В конце концов начальство решило, что не стоит меня увольнять и переводить в патрульные, что было бы гораздо хуже. Опять же я не думаю, что тем самым они хотели дать мне второй шанс. Просто мое увольнение привлекло бы внимание журналистов, а это доставило бы им неудобства. Но из отдела по расследованию убийств меня выгнали. Даже в минуты самого отчаянного оптимизма я не смел надеяться, что меня оставят. Меня опять отправили в «летуны», мягко намекнув, что не надо рассчитывать на быстрое возвращение, если оно вообще когда-либо состоится. Иногда Куигли, обладавший более изощренной жестокостью, чем я ожидал, просил меня посидеть на телефоне или опросить свидетелей.
Разумеется, все прошло не так легко, как я пытался тут изобразить. Бывали месяцы, когда я в оцепенении сидел дома, спуская последние деньги. Мать робко приносила мне макароны с сыром, надеясь, что я хоть что-нибудь поем, а Хизер вела со мной душеспасительные беседы, пытаясь докопаться до глубинного источника моих проблем. По ее словам выходило, что мне следовало внимательнее относиться к людям, особенно к ней, и предлагала телефон своего психотерапевта.
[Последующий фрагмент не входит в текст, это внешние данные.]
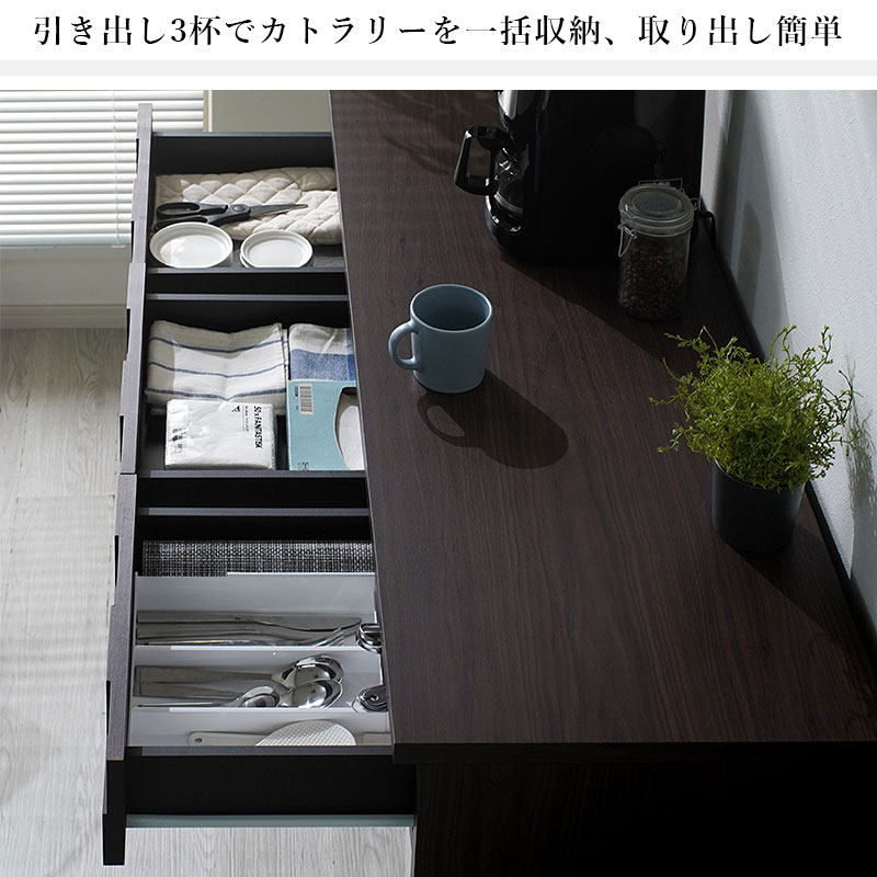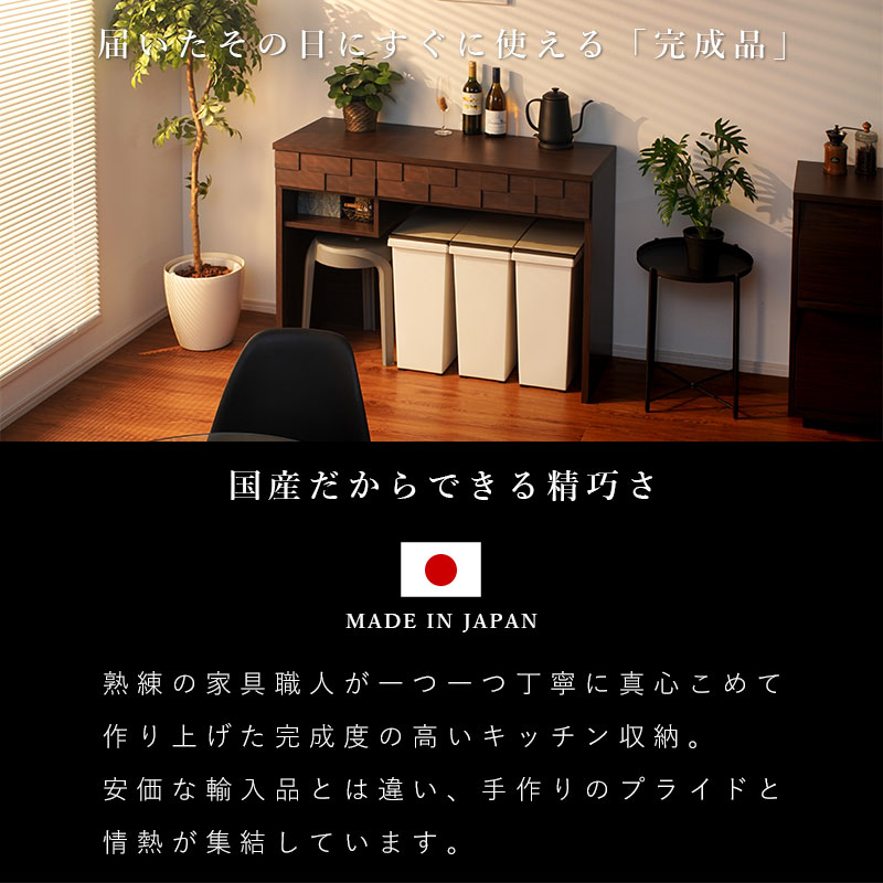 完成品 日本製 キッチンカウンター 食器棚 レンジ台 キッチンラック レンジラック レンジボード キッチン ダストボックス ゴミ箱 収納 国産 組立不要 シンプル おしゃれ 作業台 引き出し モダン 間仕切り 台 背面化粧仕上げ 一人暮らし 120 木製 奥行40 奥行45 デスク 大容量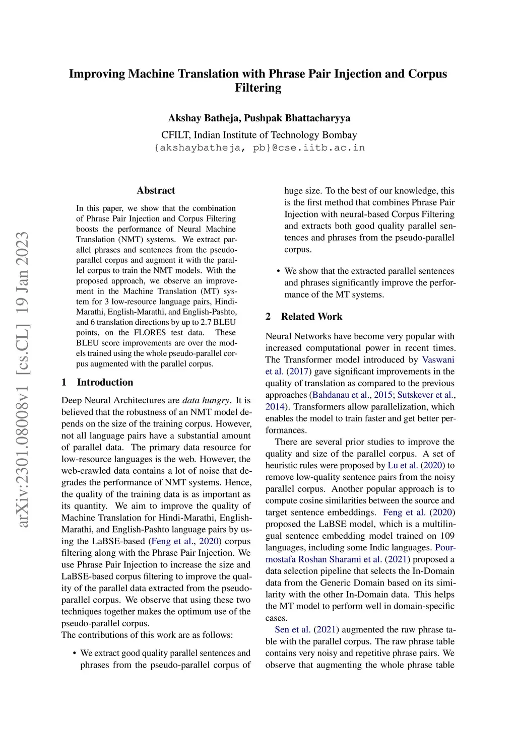 In this paper, we show that the combination of Phrase Pair Injection and Corpus Filtering boosts the performance of Neural Machine Translation (NMT) systems. We extract parallel phrases and sentences from the pseudo-parallel corpus and augment it with the parallel corpus to train the NMT models. With the proposed approach, we observe an improvement in the Machine Translation (MT) system for 3 low-resource language pairs, Hindi-Marathi, English-Marathi, and English-Pashto, and 6 translation directions by up to 2.7 BLEU points, on the FLORES test data. These BLEU score improvements are over the models trained using the whole pseudo-parallel corpus augmented with the parallel corpus.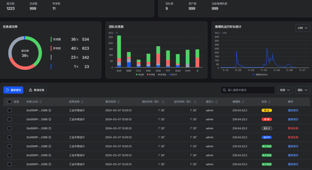 提供系统整体运行情况、任务成功率、推理机运行时长等可视化数据分析,助力企业优化成本、提升效率。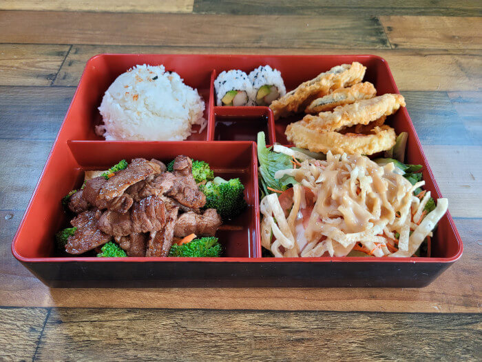 stir-fried beef and broccoli with black pepper soy served with assorted vegetable tempura, two pieces california roll, steamed rice and side salad
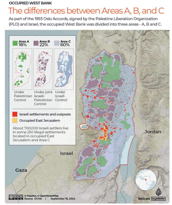 根据巴以1993年签署的《奥斯陆协议》,约旦河西岸地区划分为A、B、C三个区,其中A区由巴方控制,B区由双方共管,C区由以方控制。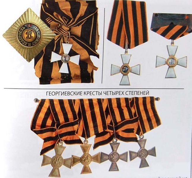 День Георгиевского кавалераГеоргиевский кавалер в России всегда считался героем Отечества. И если, например, солдат возвращался с войны с Георгиевским крестом на груди, то окружающие относились к нему уважительно и с почтением. В другом случае, если на груди воина теснились четыре "Георгия", такой человек являл собой чуть ли не божество. При подготовке данного материала для редакции газеты Приморского регионального отделения Союза машиностроителей России пришлось перечитать немало литературы о Георгиевских кавалерах. И вот что выяснилось: предшественником каждой новой награды являлся чей-то образ. Судите сами. Орден Святого Великомученика и Победоносца Георгия учреждён в 1769 году. И с того времени им награждаются те, кто отличился на поле брани. Святой Георгий не стал единственным в наградной системе страны. Екатерина I в бытность своего правления учредила орден Святого Благоверного Князя Александра Невского. Многим поколениям россиян известна фраза великого полководца: "Кто с мечом к нам придёт, от меча и погибнет!". Задумал этот орден Пётр I для награждения за военные заслуги, но им награждали и гражданских лиц, отличившихся на трудовом поприще. Орден имел лишь одну ступень — кавалера. Бриллиантами знаки ордена стали украшать в 1797 году, что подчёркивало его высшую степень. С 1855 года к орденам, жалуемым за военные подвиги, присоединились скрещенные мечи. Упразднён орден в 1917 году. В 1942 году в СССР был утверждён для награждения командного состава РККА. После распада СССР сохранён в системе государственных наград, но до 2010 года не имел статута и награждения им не производились. Является единственной наградой, существовавшей (с изменениями) в наградных системах Российской империи, СССР и Российской Федерации. Известно 3674 факта награждений за время существования ордена. Больше всего награждённых было в 1916 году (105 человек). Символами ордена являются: знак ордена, звезда и лента. Знак ордена представляет собой красный крест с изображением святого Александра Невского. Звезда серебряная восьмиконечная. Девиз ордена — "За труды и Отечество". "За службу и храбрость"Однако вернёмся к исключительно военной награде. Орден Святого Великомученика и Победоносца Георгия учреждён императрицей Екатериной II. Весь период по праву считался военной наградой Российской империи. Представлял собой всеохватывающий комплекс отличий офицеров, нижних чинов и коллективной награды для воинских подразделений, включающий, кроме собственно ордена, знак отличия военного ордена для нижних чинов, георгиевские знамёна, штандарты и флаги, георгиевские трубы, петлицы и ленты, а также георгиевское оружие. Упразднён в 1917 году. Восстановлен в 2000 году в качестве воинской награды Российской Федерации. Был разделён на четыре степени, награждения производились от низшей степени и по восходящей. В Российской империи награждено более 10 тысяч человек. I степенью награждено 23 человека, II степенью — 121 человек, III степенью — 638 человек. В Российской Федерации тоже есть кавалеры этого ордена. Символы ордена: знак ордена, звезда и лента. Знак ордена представляет собой белый крест с изображением Святого Георгия, поражающего дракона. Звезда золотая четырёхконечная. Лента с тремя чёрными и двумя жёлтыми полосами. Девиз ордена — "За службу и храбрость". Несмотря на то что

К тому времени, как я вернулся на работу, Кэсси там уже не было. Одни говорили, что ей предлагали повышение, если бы она согласилась остаться; другие, наоборот, полагали, что она потому и ушла, что ее все равно хотели выгнать; третьи видели Кэсси в пабе под руку с Сэмом, а четвертые уверяли, будто она вернулась в университет и изучает археологию. Однако мораль во всех этих историях была одна: в отделе по расследованию убийств женщинам не место.
Позже оказалось, что Кэсси осталась в полиции, но перешла в отдел по предотвращению домашнего насилия и попросила дать ей возможность закончить факультет психологии, — отсюда история про университет. Неудивительно, что ее перевод вызвал слухи: работа в этом отделе считалась изматывающей и трудной, здесь было полно крови и сексуальных преступлений, а почета никакого, поэтому для большинства людей ее поступок казался совершенно непонятным. «Сарафанное радио» решило, будто у Кэсси сдали нервы.
Что касается меня, то я так не считал. Сомневался я и что это как-то связано со мной, — прошу прощения, если прозвучит самонадеянно, — по крайней мере не в том смысле, в каком вы могли подумать. Если бы все дело было в том, что мы не могли находиться в одной комнате, то Кэсси взяла бы другого напарника и приходила на службу как ни в чем не бывало, пока мне не пришлось бы как-то притереться к ней или перевестись в иное место. Из нас двоих она более упряма. Видимо, Кэсси ушла из-за того, что солгала О'Келли и Розалинде, и они оба ей поверили. И еще потому, что сказала мне правду, а я решил, что она лжет.
Первое время я следил за прессой, но никакого скандала насчет строительства шоссе в Нокнари не разразилось. В какой-то «желтой газетенке» упоминался дядюшка Ред — в самом конце длинного списка политиков, растрачивающих средства налогоплательщиков, — но тем дело и закончилось. Судя потому, что Сэм по-прежнему работал в отделе по расследованию убийств, он поступил так, как говорил О'Келли; вероятно, впрочем, что он все-таки передал пленку Майклу Кили, но ни одна газета не стала публиковать материал.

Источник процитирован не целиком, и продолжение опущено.